Bone marrow stem cells derived exosomes improve osteoporosis by promoting osteoblast proliferation and inhibiting cell apoptosis.

机构信息

Department of Orthopedic, Liuzhou Worker's Hospital, Liuzhou, China.

出版信息

Eur Rev Med Pharmacol Sci. 2019 Feb;23(3):1214-1220. doi: 10.26355/eurrev_201902_17014.

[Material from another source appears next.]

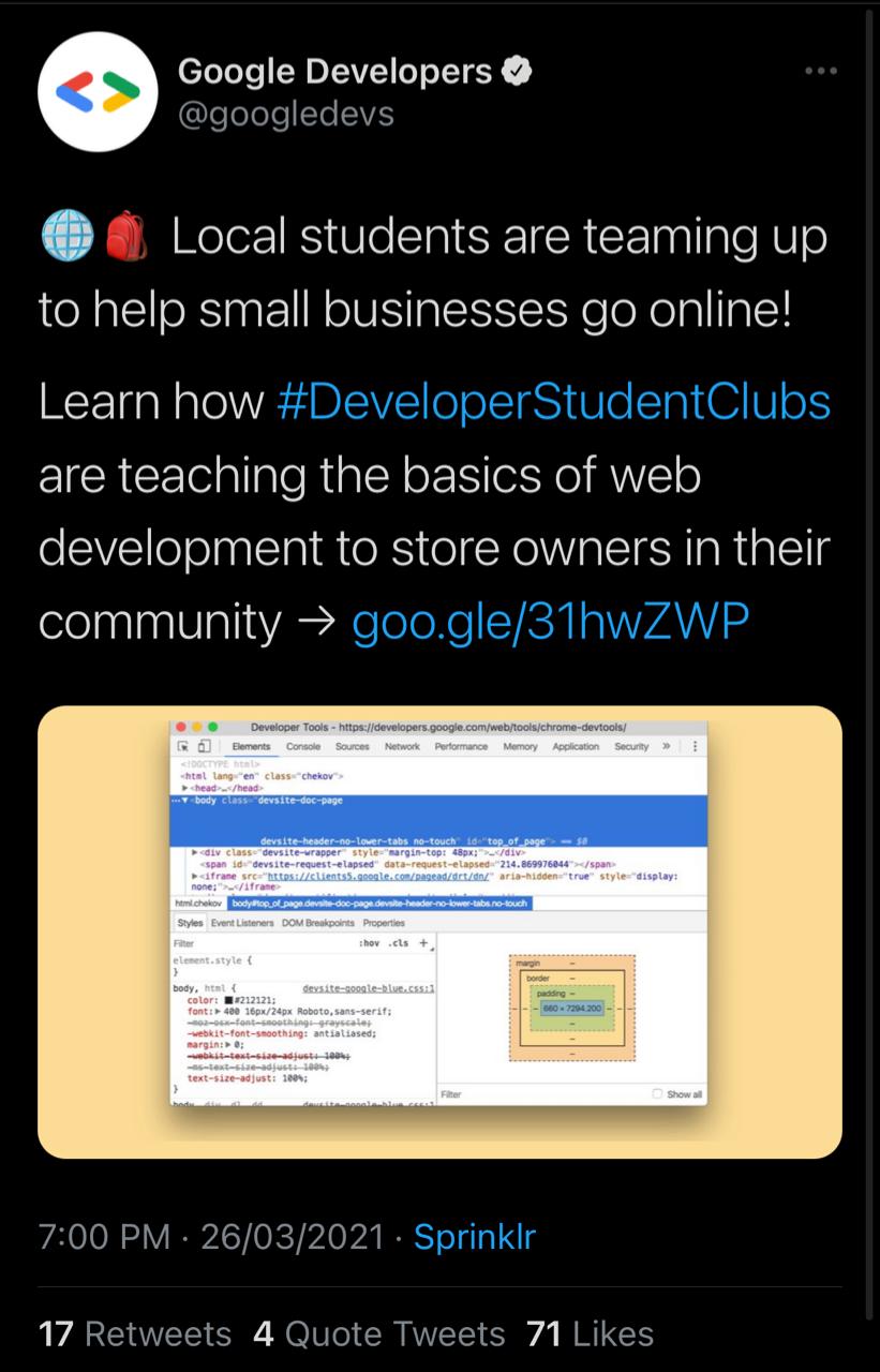 سلط موقع Google Developers Blog الخاص بالمطورين الطلبة على مستوى العالم الضوء على قصة نجاح نادي الطلبة المطورين بكلية هندسة وعلوم الحاسب من خلال إقتصاصه لصورة المبادرة التي أقامها النادي خلال فترة سابقة بعنوان Small businesses improving ليعد بذلك من أوائل الأندية السعودية والعربية الذي تُنشر قصة نجاحه.

DOI:10.26355/eurrev_201902_17014
PMID:30779091
Abstract

OBJECTIVE

The aim of this study was to investigate whether bone marrow stem cells (MSCs) derived exosomes in rats could promote osteoblast proliferation and improve osteoporosis via inhibiting cell apoptosis.

MATERIALS AND METHODS

MSCs in rats were isolated and cultured, followed by the identification of surface antigens via flow cytometry. The differentiation of MSCs was detected by alizarin red staining and oil red staining. After extraction from MSCs by ultracentrifugation, the size distribution of exosomes was detected by tunable resistive pulse sensing (TRPS). Specific antigens in MSCs-derived exosomes were determined by flow cytometry. Furthermore, the proliferation and viability of hFOB1.19 cells treated with MSCs-derived exosomes were detected by cell count kit-8 (CCK-8) assay. The effect of MSCs-derived exosomes on cell apoptosis was evaluated by flow cytometry. Protein expression levels of apoptosis-related genes in hFOB1.19 cells were detected by Western blot.

RESULTS

MSCs differentiated into osteoblasts and lipoblasts under different treatments. Meanwhile, MSCs-derived exosomes exhibited typical elongated morphology after isolation and culture for 1 and 3 days, respectively. Functionally, MSCs-derived exosomes could promote the viability of hFOB1.19 cells, and significantly increase the expression level of GLUT3. In addition, MSCs-derived exosomes remarkably downregulated apoptosis-related genes and decreased apoptosis in hFOB1.19 cells.

CONCLUSIONS

MSCs-derived exosomes could promote osteoblast proliferation via inhibiting cell apoptosis, eventually improving osteoporosis.

摘要

目的

本研究旨在探讨大鼠骨髓间充质干细胞(MSCs)来源的外泌体是否能通过抑制细胞凋亡来促进成骨细胞增殖和改善骨质疏松症。

材料与方法

分离并培养大鼠 MSCs,通过流式细胞术鉴定其表面抗原。通过茜素红染色和油红染色检测 MSCs 的分化情况。通过超速离心从 MSCs 中提取外泌体后,使用可调电阻脉冲感应(TRPS)检测其粒径分布。通过流式细胞术确定 MSCs 来源外泌体中的特异性抗原。进一步通过细胞计数试剂盒-8(CCK-8)检测 hFOB1.19 细胞中经 MSCs 来源外泌体处理后的增殖和活力情况。通过流式细胞术评估 MSCs 来源外泌体对细胞凋亡的影响。通过 Western blot 检测 hFOB1.19 细胞中与凋亡相关的基因的蛋白表达水平。

结果

在不同处理下,MSCs 分化为成骨细胞和脂肪细胞。同时,MSCs 来源的外泌体在分离和培养 1 天和 3 天后分别呈现出典型的细长形态。功能上,MSCs 来源的外泌体可以促进 hFOB1.19 细胞的活力,并显著增加 GLUT3 的表达水平。此外,MSCs 来源的外泌体显著下调了 hFOB1.19 细胞中与凋亡相关的基因,并减少了细胞凋亡。

结论

MSCs 来源的外泌体可以通过抑制细胞凋亡来促进成骨细胞增殖,从而改善骨质疏松症。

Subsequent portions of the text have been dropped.